The BSE Engine
==============

The following gives an outline of the conceptual approach to
simulate flow-system behavior and carries details of the
implementation along.

Introductionary remarks:
------------------------
The BSE Engine simulates signal flow systems by mapping them
onto a network of signal processing modules which are connected
via signal streams.
The signal streams are value quantized and time discrete, where
floats are used to store the quantized values and the samples are
taken at arbitrary but equidistant points in time.

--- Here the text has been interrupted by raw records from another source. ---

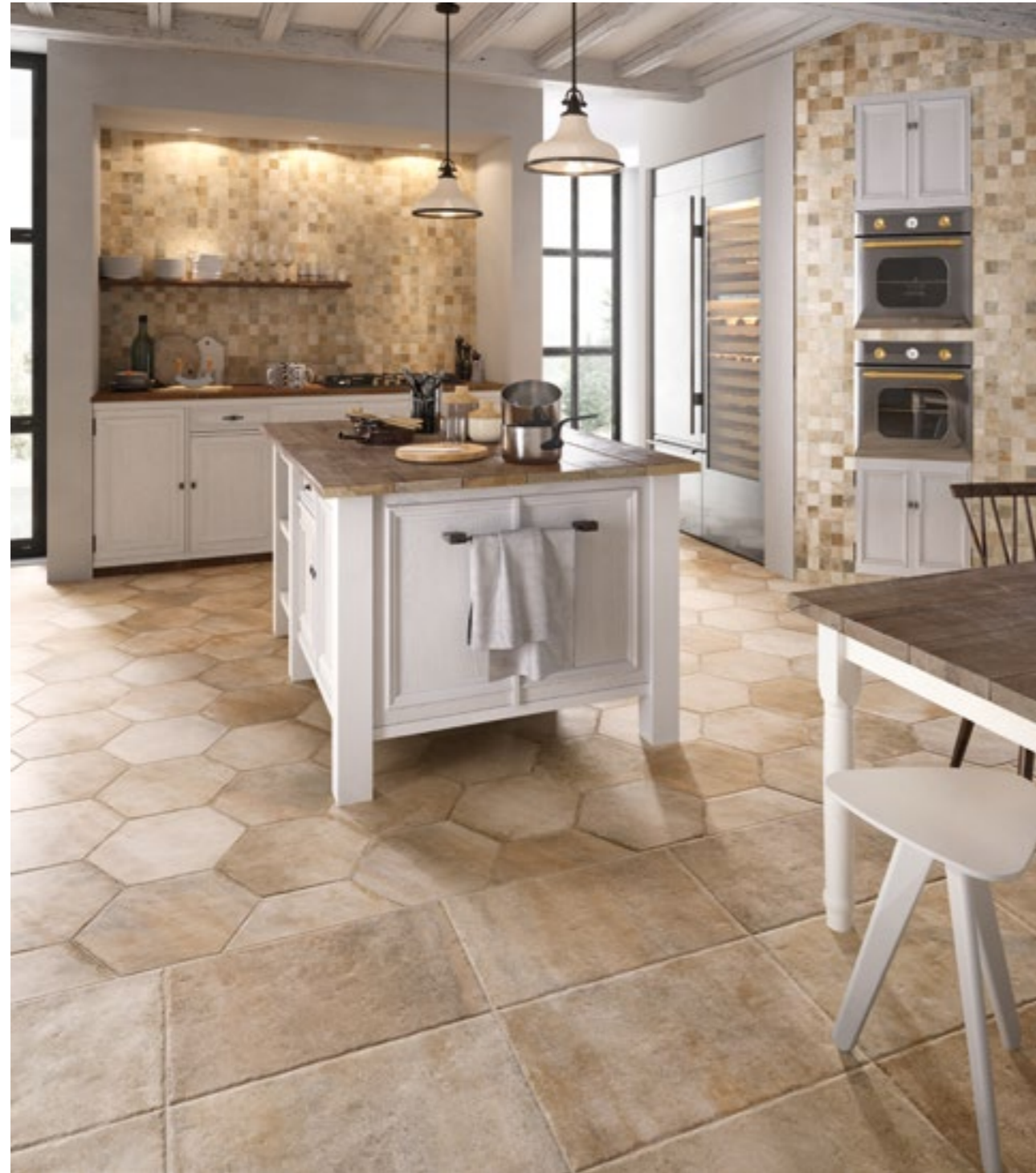
Native Beige Mosaico Native Beige 4161, Native Beige Esagono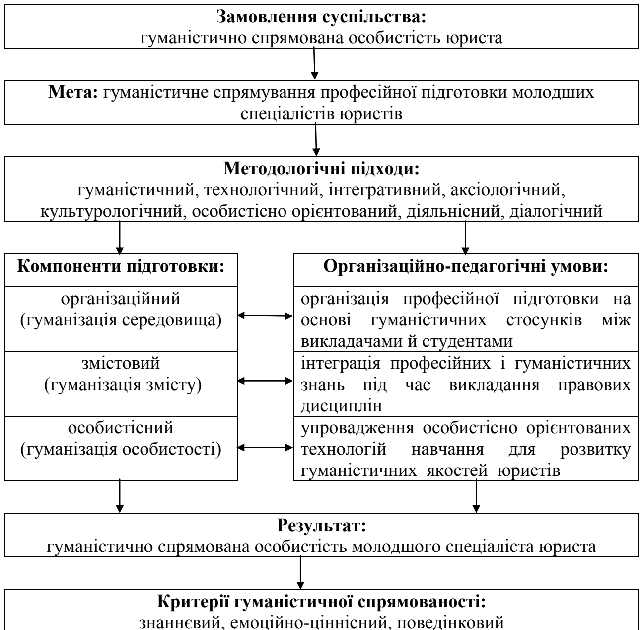
Рис. 1. Модель гуманістично спрямованої професійної підготовки майбутніх молодших спеціалістів юристів

професійної етики юриста. Після ознайомлення з відповідними посібниками проводились дискусії та круглі столи на теми: „Етичний кодекс юриста”, „Моральна відповідальність юриста” та ін.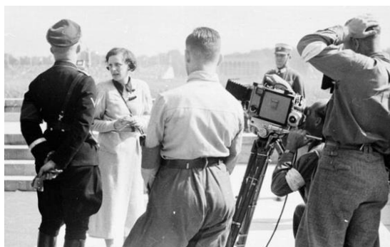
Obrázek 5 Leni Riefenstahl a Heinrich Himmler při natáčení triumfu vůle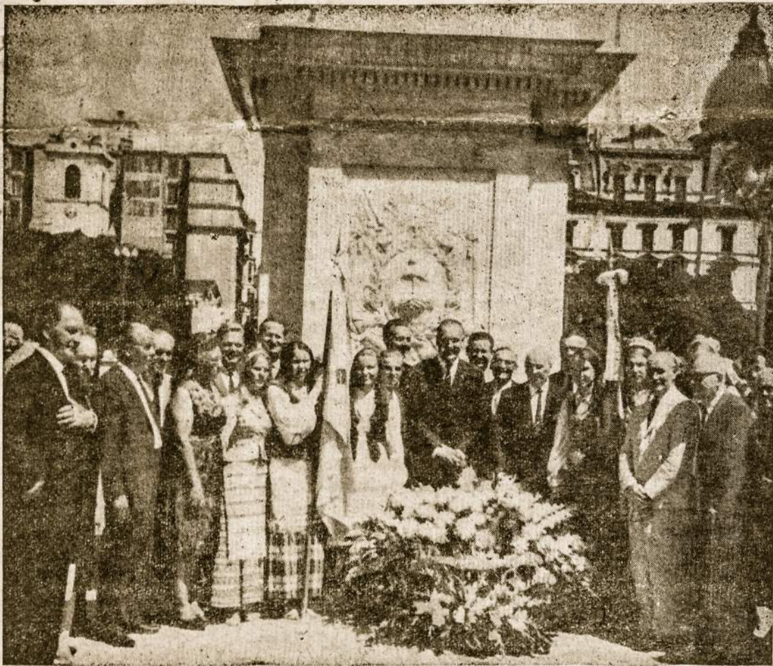
Lietuvių kolonijos grupė dalyvių prie Laisvės piramidės (Plaza de Mayo, Bs. Aires) dedant vainiką po pamaldų vasario 18 d. (Aprašymas visų iškilnių telpa 2 puslapyje)

Sausio 17 d. eidamas 83 metus Vilniuje mirė pasaulinio garso daininkas Kipras Petrauskas, dainavęs beveik visos Europos sostinėse ir Bs. As. Palaidotas Rasų kapinėse, kur ilsisi daug mūsų tautos didžiųjų vyrų. (Plačiau sekančiame numeryje).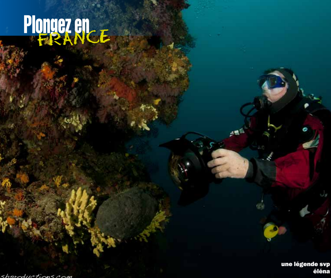
une légende svp éléna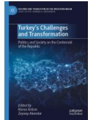
Turkey's Challenges and Transformation Ladenpreis: 153,99EUR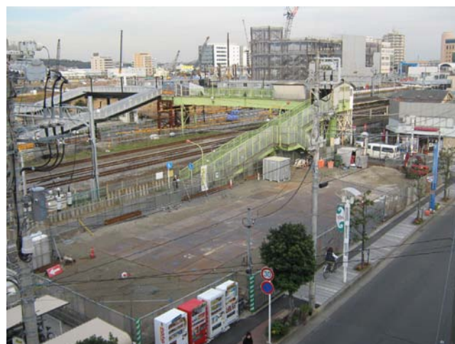
辻堂駅西口南側（整備中）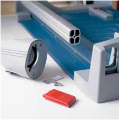
Einfacher Messerkopfwechsel sorgt für reibungslose Arbeitsabläufe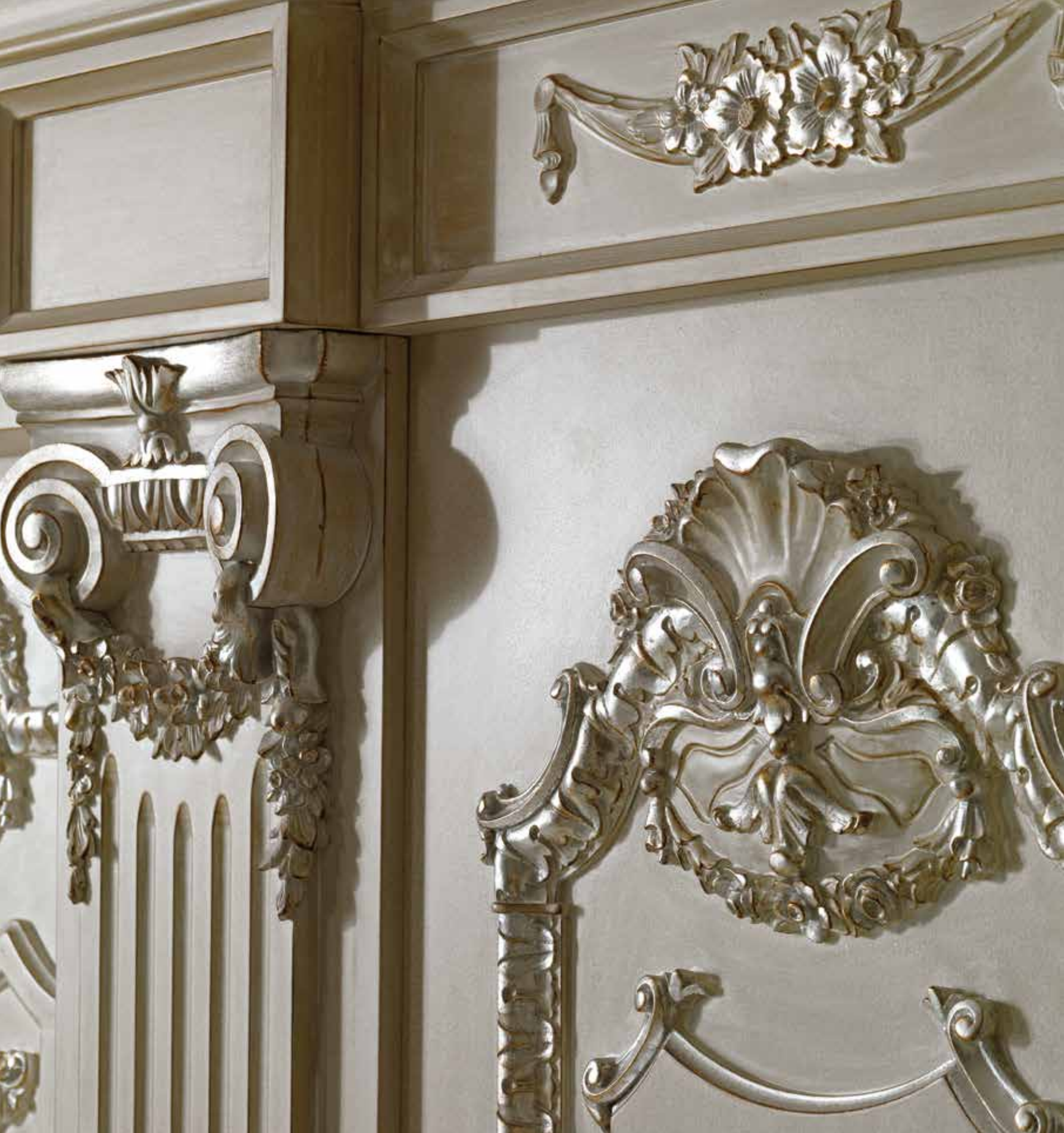
Particolare Mod. PALAZZO FARNESE con Intagli 1022/QQ/INT finitura Polvere di Stelle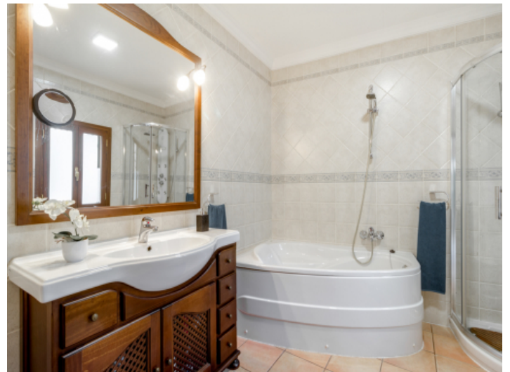
Eines von 3 Badezimmern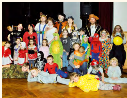
Závěrečné fotografování.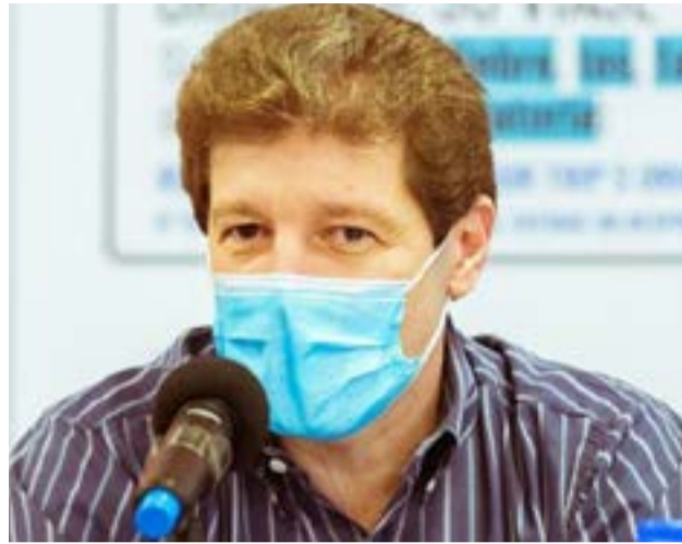
El Gobernador fueguino destacó el congelamiento de los impuestos internos que significaban “un claro prejuicio” para la industria de Tierra del Fuego.

lo que redundará en la generación de más fuentes de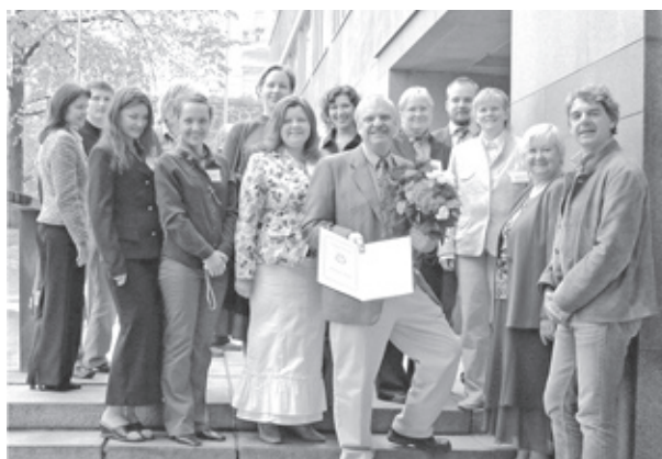
Cuarta Conferencia del DFPP, Helsinki, 1º de junio del 2006.

La mayoría de los patrones educativos occidentales simplemente refuerzan las prácticas y metodologías para equipar a los jóvenes para la nueva era informativa y la alta competencia en la economía. Este proceso de globalización de mercado afecta negativamente a la educación y entorpece el desarrollo sustentable. Para contrastar este canal, la Facultad de Educación y Gestión de la Universidad Daugavpils ha aumentado su compromiso del pro-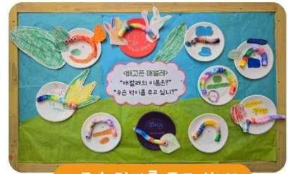
무슨 먹이를 주고 싶니?

놀이터 나무 아래 꿈틀거리는 애벌레를 관찰하며 호기심 가득한 얼굴로 “애벌레는 뭐 먹고살아요?”, “나중에 나비 되는 거예요?” 하며 궁금해 했어요. 애벌레가 사는 곳, 먹이 등 궁금한 것들에 대해 이야기 나누어 보고 친구들과 ‘배고픈 애벌레’ 그림책도 함께 보았어요. 코인티슈 애벌레 만들기를 하며 애벌레 길이만큼 코인티슈를 찢아보며 숫자도 세어보고 친구의 애벌레 길이와 비교해 보았어요. 알록달록 예쁜 색으로 꾸민 애벌레 코인티슈에 물을 흡수시켜 주~~욱 길어지며 변화하는 모습도 관찰해보고, 애벌레 이름도 지어주었어요. 애벌레에게 주고 싶은 먹이도 만들어 먹이 주는 놀이도 해보고 앞에서 부터 나비가 되기까지 변화 과정을 신체로 표현해보며 자연스럽게 나비의 변신 과정을 경험해보는 시간을 가졌습니다.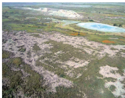
▲馬迷途盆地蘆葦叢中的漢代玉門關——塼障遺跡。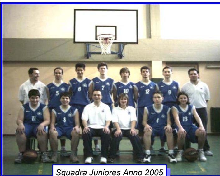
Squadra Juniores Anno 2005

Per qualsiasi informazione potete visitare il nostro sito internet all'indirizzo http://xoomer.virgilio.it/pallcastiglione nel quale potete trovare tutte le notizie riguardanti la nostra associazione, i risultati, le statistiche e le foto delle nostre squadre oltre ai numeri telefonici e gli indirizzi e-mail ai quali potete contattarci.

Also, the
sampling periods are assumed to be synchronous for all nodes.
In the public BSE C API, engine modules are exposed as BseModule
structures, for the internal engine implementation, each
BseModule is embedded in an EngineNode structure.

Node Model:
-----------
* a node has n_istreams input streams
* a node has n_jstreams joint input streams facilities, that is,
  an unlimited number of output streams can be connected to each
  "joint" input stream
* a node has n_ostreams output streams
* all streams are equally value quantized as IEEE754 floats,
  usually within the range -1..1
* all streams are synchronously time discrete
* the flow-system behavior can be iteratively approximated
  by calculating a node's output streams from its input streams
* since all streams are equally time discrete, n output
  values for all output streams can be calculated from n input
  values at all input streams of a single network
* some nodes always react delayed ("deferred" nodes) and can
  guarantee that they can always produce n output values ahead
  of receiving the corresponding n input values, with n>=1
* a node that has no output facilities (n_ostreams==0) or
  has none of its output streams connected and is flagged by
  the user as a "consumer node" must be processed

Node Methods:
-------------
->process()
  This method specifies through one of its arguments
  the number of iterations the node has to perform,
  and therefore the number of values that are supplied
  in its stream input buffers and which have to be supplied
  in its stream output buffers.
->process_deferred()
  This method specifies the number of input values supplied
  and the number of output values that should be supplied.
  The number of input values may be smaller than the number
  of output values requested, in which case the node may return
  less output values than requested.
->reset()
  The purpose of this method is to reset local state kept in
  a node to the initial state it possessed before the first call
  to process() or process_deferred().

Node Relationships:
-------------------
Node B is an "input" of node A if:
  * one of A's input streams is connected to one of B's output streams,
  or
  * node C is an "input" of A and B is an "input" of C

Processing Order:
-----------------
If node A has an input node B and A is not a deferred node, B has to
be processed prior to processing A.

Connection Cycles:
------------------
Nodes A and B "form a cycle" if A is an input to B and B is an
input to A.

Invalid Connections:
--------------------
For nodes A and B (not necessarily distinct) which form a cycle,
the connections that the cycle consists of are only valid if
the following is true:
  (C is a deferred node) and
  (C==A or C==B or (if C is completely disconnected, the nodes
  A and B do not anymore form the cycle))

Implementation Notes
====================
* if a node is deferred, all output channels are delayed
* independent leaf nodes (nodes that have no inputs) can be
  scheduled separately
* nodes contained in a cycle have to be scheduled together

Scheduling Algorithm
--------------------
To schedule a consumer and its dependency nodes, schedule_query() it:

Query and Schedule Node:
* tag current node
* ignore scheduled input nodes
* schedule_query_node on untagged input nodes, then do one of:
  * schedule input node (if it has no cycles)
  * resolve all input nodes cycles and then schedule
    the input nodes cycle (if not self in cycle)
  * take over cycle dependencies from input node
* a tagged node is added to the precondition list (opens new cycle)
* own leaf level is MAX() of input node leaf-levels + 1
* untag node

Resolving Cycles:
* at each scheduling stage, eliminate immediate child from
  precondition list; once the list is empty the cycle is resolved
* at least one node being eliminated has to be deferred
  for the cycle to be valid

Scheduling:
* nodes need to be processed in the order of leaf-level
* within leaf-levels, processing is determined by a per-node
  processing costs hint (cheap, normal, expensive)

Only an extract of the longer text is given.